>>>>>

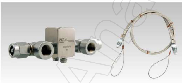
Manual Manifold & Hose
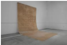
EMILY NELMS PEREZ Legitimation , 2018 silicon 104 x 101 x 104 inches ENP18.001
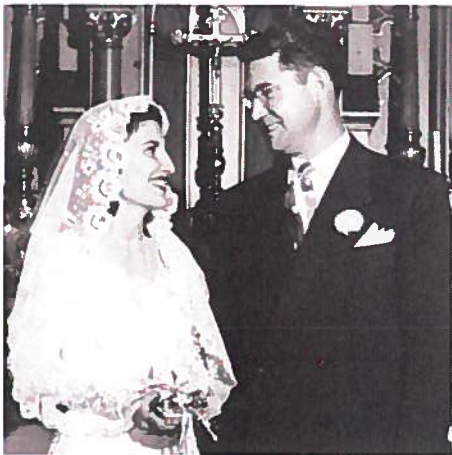
The beautiful bride with her soul mate on their wedding day in August 16, 1949.
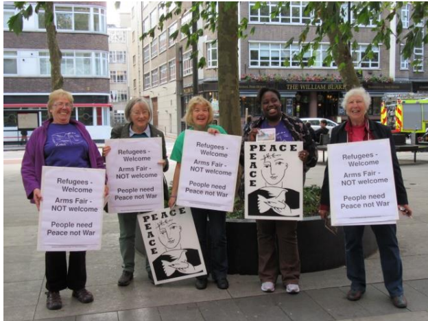
WILPF exec. on the Streets Sept 2015

In September, WILPF presented a joint seminar in London with Pax Christi titled Women as Peacemakers: personal and political.
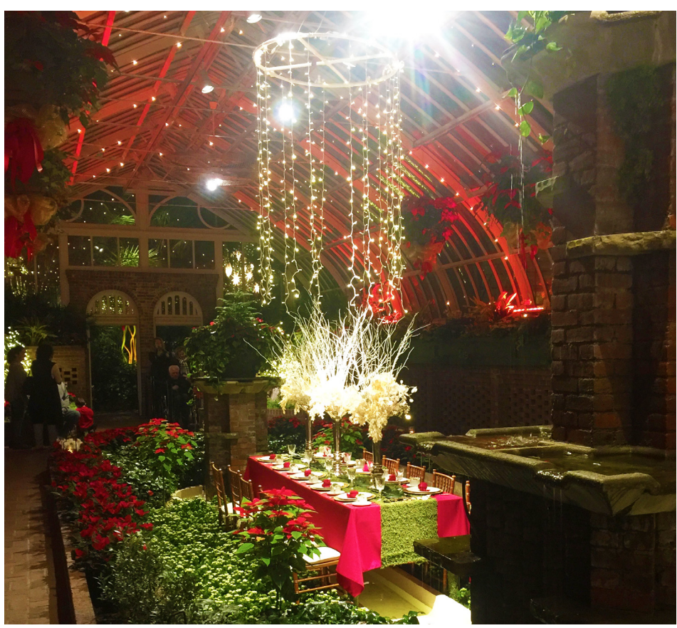
Phipps Conservatory Winter Flower Show.
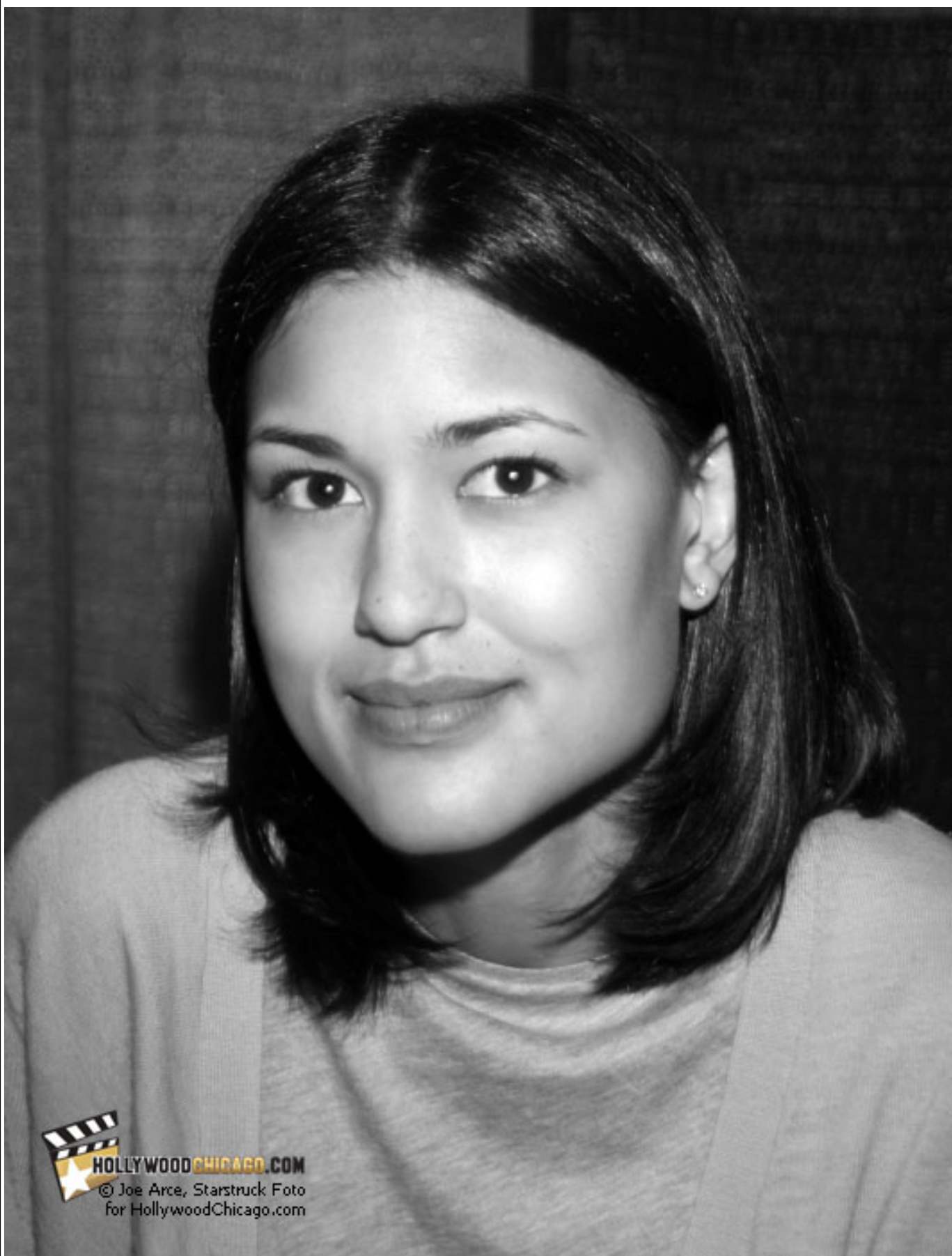
Julia Jones at the Wizard World Chicago Comic Con, August, 2010

Julia Jones was doing some notable TV and film appearances when she landed the part of Leah Clearwater in The Twilight Saga. She will reprise the role in the upcoming "Breaking Dawn, Part 1."
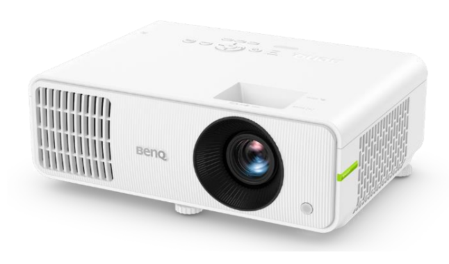
303.5 (W) x 112.4 (H) x 241 (D) mm

Introducing EH700, an Android-based smart projector designed specifically for education. This 4,000-lumen high-brightness laser projector produces true-to-life visuals that complement your smart classroom. With Android built-in, EH700 is an all-in-one projector that eliminates the need for a separate PC, making digital learning more accessible than ever. Teachers and students can open apps directly from the BenQ EH700, easily accessing online resources in the classroom.
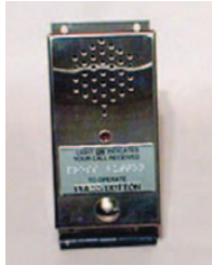
Model VRT-1000 Surface Mount
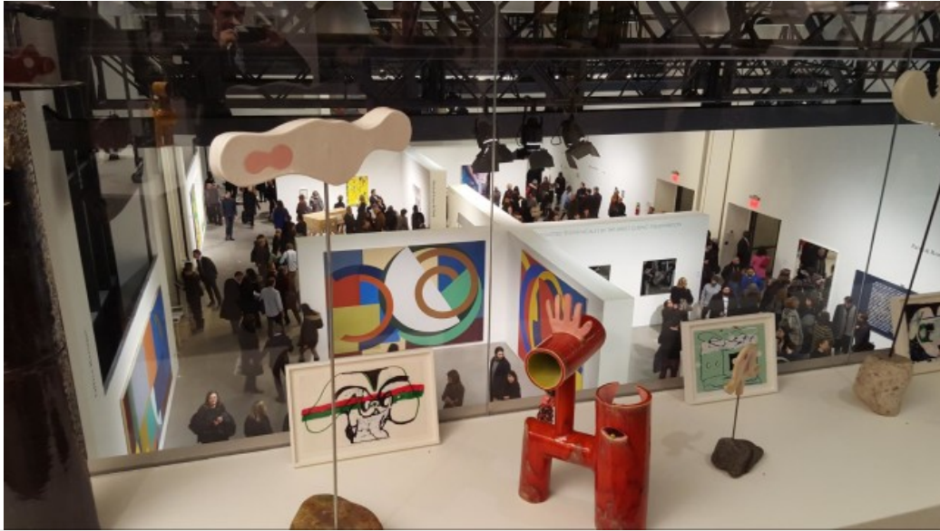
A view of Independent from the non-profit mezzanine perch. Foreground: Gerasimos Floratos at White Columns.

by CHRIS GREEN on MARCH 4, 2016 ART FAIR
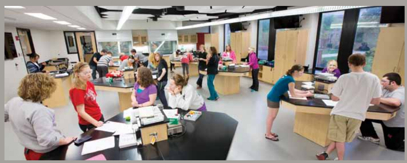
Renovated Undergraduate Lab
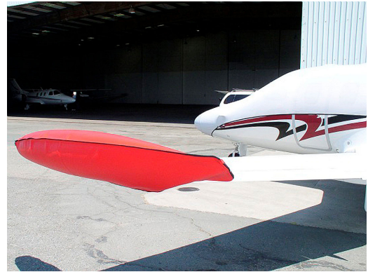
Eclipse Tip Tank Cover

<<<<<

▶ [Work instruction] Starting where a line contains "WILPF exec. on the Streets Sept 2015" and finishing at the last line above, set down every line exactly as it reads, with no pictures.

▶ [Response]
WILPF exec. on the Streets Sept 2015

In September, WILPF presented a joint seminar in London with Pax Christi titled Women as Peacemakers: personal and political.
Phipps Conservatory Winter Flower Show.
Julia Jones at the Wizard World Chicago Comic Con, August, 2010

Julia Jones was doing some notable TV and film appearances when she landed the part of Leah Clearwater in The Twilight Saga. She will reprise the role in the upcoming "Breaking Dawn, Part 1."
303.5 (W) x 112.4 (H) x 241 (D) mm

Introducing EH700, an Android-based smart projector designed specifically for education. This 4,000-lumen high-brightness laser projector produces true-to-life visuals that complement your smart classroom. With Android built-in, EH700 is an all-in-one projector that eliminates the need for a separate PC, making digital learning more accessible than ever. Teachers and students can open apps directly from the BenQ EH700, easily accessing online resources in the classroom.
Model VRT-1000 Surface Mount
A view of Independent from the non-profit mezzanine perch. Foreground: Gerasimos Floratos at White Columns.

by CHRIS GREEN on MARCH 4, 2016 ART FAIR
Renovated Undergraduate Lab
Eclipse Tip Tank Cover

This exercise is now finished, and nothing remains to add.